But overall, everything looks great. The high tunnel plants are taking off and have begun to flower. When I pull weeds from around the edges of the black plastic, ants and pill bugs erupt out of the ground. I know I have a lot of earthworms and grub worms as well. My beds are a colony of life.

By contrast, I also planted some tilled ground in a couple rows a family member let me use in their garden. I never saw a single worm, or really any living thing in the soil at all. I don't expect the tomatoes there to taste very good; I just want them for seed.

I had a few outdoor plants eaten by a rabbit. When I replanted those sites, I eventually stopped carrying my little hand shovel that I usually plant with. I don't need it, because my hand easily slides a foot deep into the soil to set a new plant.

I'm convinced that these will be the best-tasting tomatoes that I have ever grown.
Congratulations!

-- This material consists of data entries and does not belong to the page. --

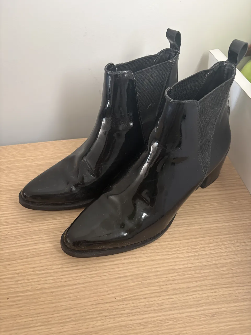Botitas de charol negras con taco de 6cm. Tienen elástico a los costados y tirita en la parte trasera para ponérselas fácil.
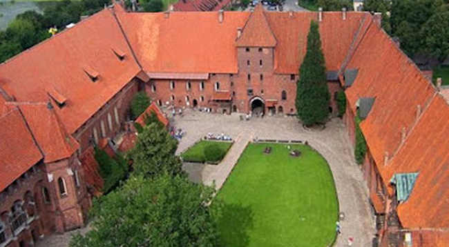 Malbork adalah Istana Marienburg (nama sebelumnya) yang dibuat oleh Ordo Teutonik dari bahan batu bata dan terbagi atas tiga bagian yang terpisah. Mulai dari bawah, atas dan tengah terpisah oleh beberapa menara dan rerumputan. Luas Malbork Castle bisa mencapai 21 hektar atau empat kali lebih besar dari Istana Windsor dengan penghuninya sekitar 3 ribu tentara.
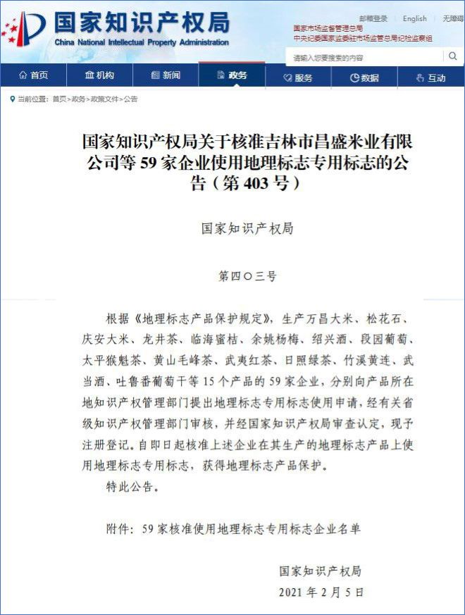 2021年2月8日,国家知识产权局发布了关于核准吉林市昌盛米业有限公司等59家企业使用地理标志专用标志的公告(第403号)。
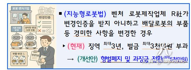 (지능형로봇법) 배달로봇 등 실외이동로봇의 부품 등 경미한 사항을 사전 승인없이 개조한 경우 現징역 최대3년·벌금 최대3천만원→改형벌폐지·과징금 최대5천만원
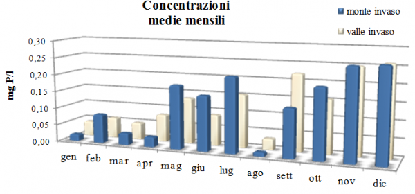 Figura 5 - Concentrazioni medie mensili a monte dell’invaso e a valle
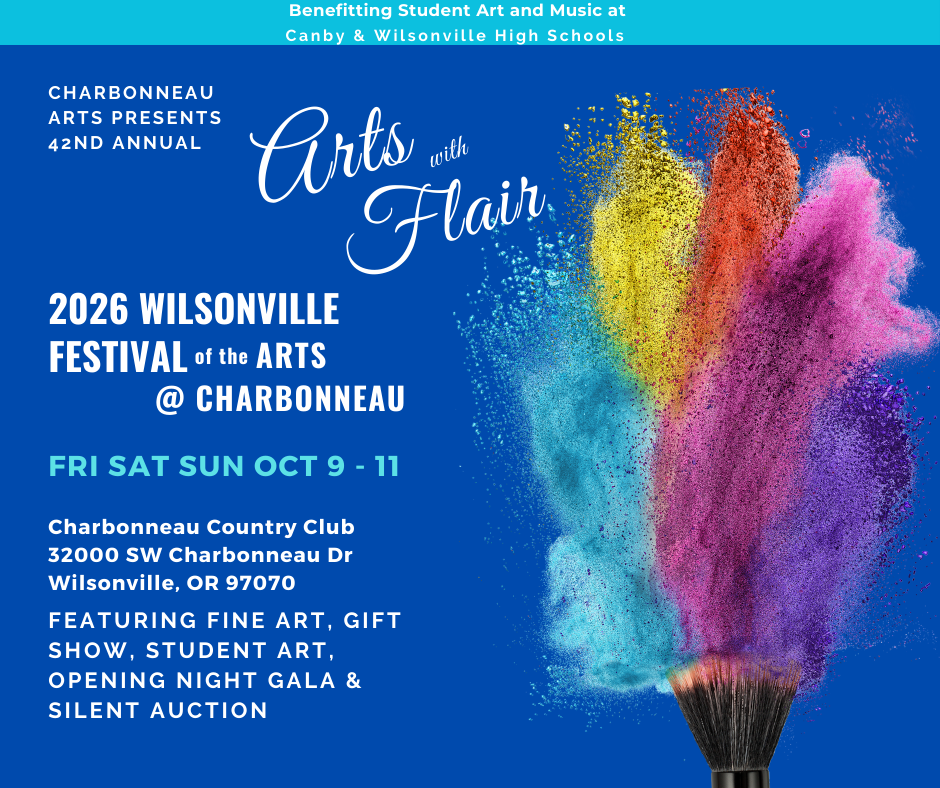 Join us October 10-12, 2025, in the Village of Charbonneau in Wilsonville, Oregon, just south of the Willamette River, for “Arts with Flair,” the Wilsonville Festival of the Arts @ Charbonneau. The event includes a Fine Art Gallery, Artist and Artisan Booths, a Student Art Gallery with student artwork from area high schools, and our always popular Silent Auction fundraiser.

Wish you the best Robbie.

I found that to be the case myself. Once you go no till you never go back! But that doesn't mean there are no nuances here and there. Like you said there is a whole teaming colony of life. Not all that life is beneficial, but most is. You still get some pest damages, but seldom a whole crop. I also lose a few plants here and there. The ones that make it though, WOW. And the soil simply is incredible. No wonder there is no need to till. With all that teaming life, the soil for sure gets plenty churned up by worms and such.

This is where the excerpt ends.